And such plugin can simply be the Qt platform integration plugin, which in the case of the Plasma platform integration has KI18n in the set of linked and thus loaded libraries. This issue is currently reported indirectly via Bug 215837 – Nativ KDE QFileDialog changes translation

When it comes to the Qt platform integration plugin, the use of Q_COREAPP_STARTUP_FUNCTION when being invoked via such a plugin also shows some issue in the design of the Qt startup phase, resulting in the registered function being 2x called, in this case resulting in duplicated creation of translation handlers (reported as QTBUG-54479)

Qt5: no longer one single catalog for all Qt modules

Seems in Qt4 times there was one single catalog per language for all that made up the Qt framework. In Qt5 this no longer is true though, for each language now a separate catalog file is used per Qt module. There is some backward compatibility though which has hidden this for most eyes so far, so called meta catalogs (see Linguist docs). The meta catalog qt_ does not have translations itself, but links to the catalogs qtbase_, qtscript_, qtquick1_, qtmultimedia_ and qtxmlpatterns_ (see yourself and open /usr/share/qt5/translations/qt_ll.qm, with ll your language code, e.g. de, in your favorite hex editor).

So applications which use further Qt modules, directly or indirectly, need to make sure themselves to get the respective catalogs loaded and used.
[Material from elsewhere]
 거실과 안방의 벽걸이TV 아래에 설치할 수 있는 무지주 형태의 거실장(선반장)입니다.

Which gets complicated for those used indirectly (via plugins or indirectly linked as implementation detail of another non-Qt lib). There seems no way to know what catalogs are loaded already.
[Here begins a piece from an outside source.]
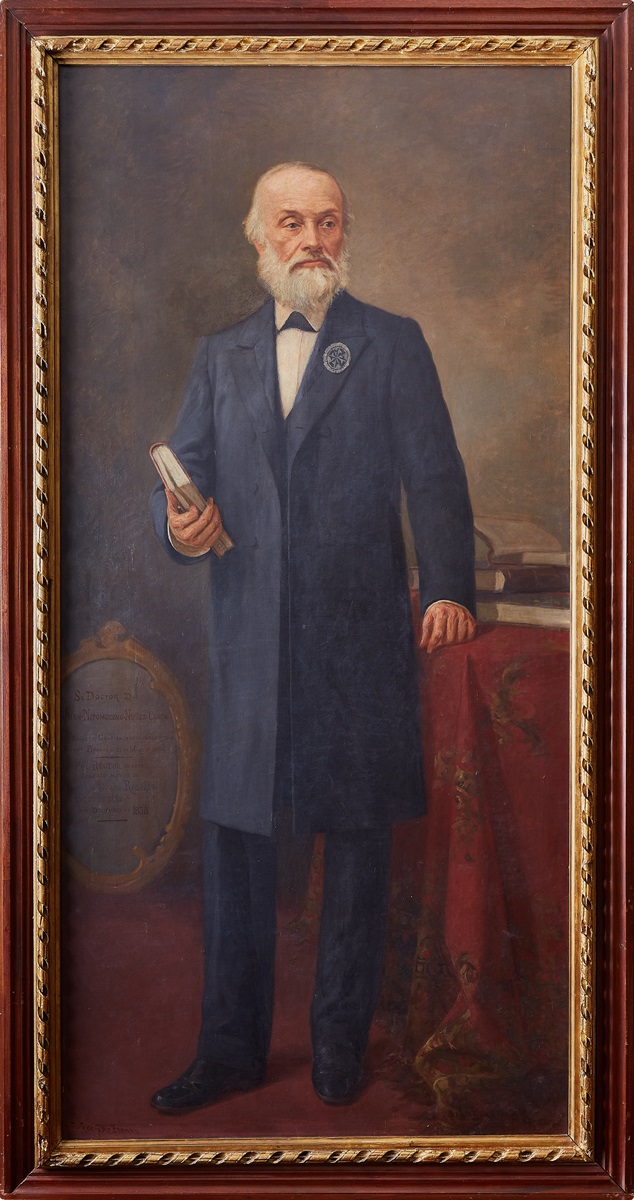 Formato vertical. Figura de cuerpo entero, frontal, de pies, cabello, barba y bigote blanco. Traje de levita y chaleco gris oscuro; en la solapa izquierda, escudo del Colegio de Nuestra Señora del Rosario. Camisa blanca, cuello de pajarita y alzacuello negro. Zapatos negros. Brazo derecho a la altura de la cintura, sostiene libro de tapas rojas entreabierto por el dedo índice. Lado izquierdo: cartela ovalada.

This might be important for programs from KDE using QtQuick Controls, given there exist qtquickcontrols2_*.qm files with some strings. Yet to be investigated if those catalogs are loaded via some QML mechanism perhaps, or if some handling is needed?
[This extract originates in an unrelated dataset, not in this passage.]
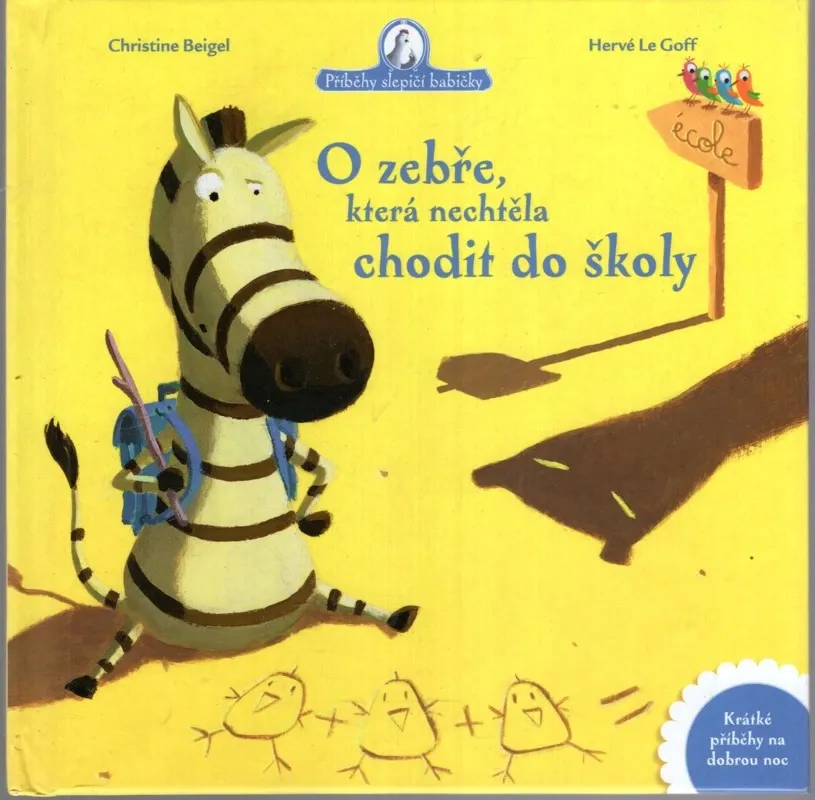 Malá zebra si myslela, že je chytřejší než ostatní a nemusí ani chodit do školy. Až potkala pantera, který jí začal klást podivné otázky. Stačily jí její znalosti, aby se před šelmou zachránila? To se dozvíte v Příbězích slepičí babičky.

Juggling with catalogs on release time

The catalogs with the string translations for KDE software are maintained and developed by the translators in a database separate from the actual sources, a subversion system, partially for historic reasons.
When doing a release of KDE software, the scripts used to generate the source tarballs then do both a checkout of the sources to package as well as iterating over the translation database to download and add the matching catalogs.
KDE Frameworks extends this scheme by adding the snapshot of the translations in a commit to the source repository, using a tagged git commit off the main branch.

Issues seen:

  • which catalogs to fetch exactly based on fragile system, not exactly defined
  • which version of the database the fetched catalogs are from is not noted, tarball reproducibility from VCS not easily possible (solved for KF)
  • script accidentally added catalog files used internally by KDE translation system for in-source translations (fixed meanwhile)
  • script accidentally added by-product of translation statistic (fixed meanwhile)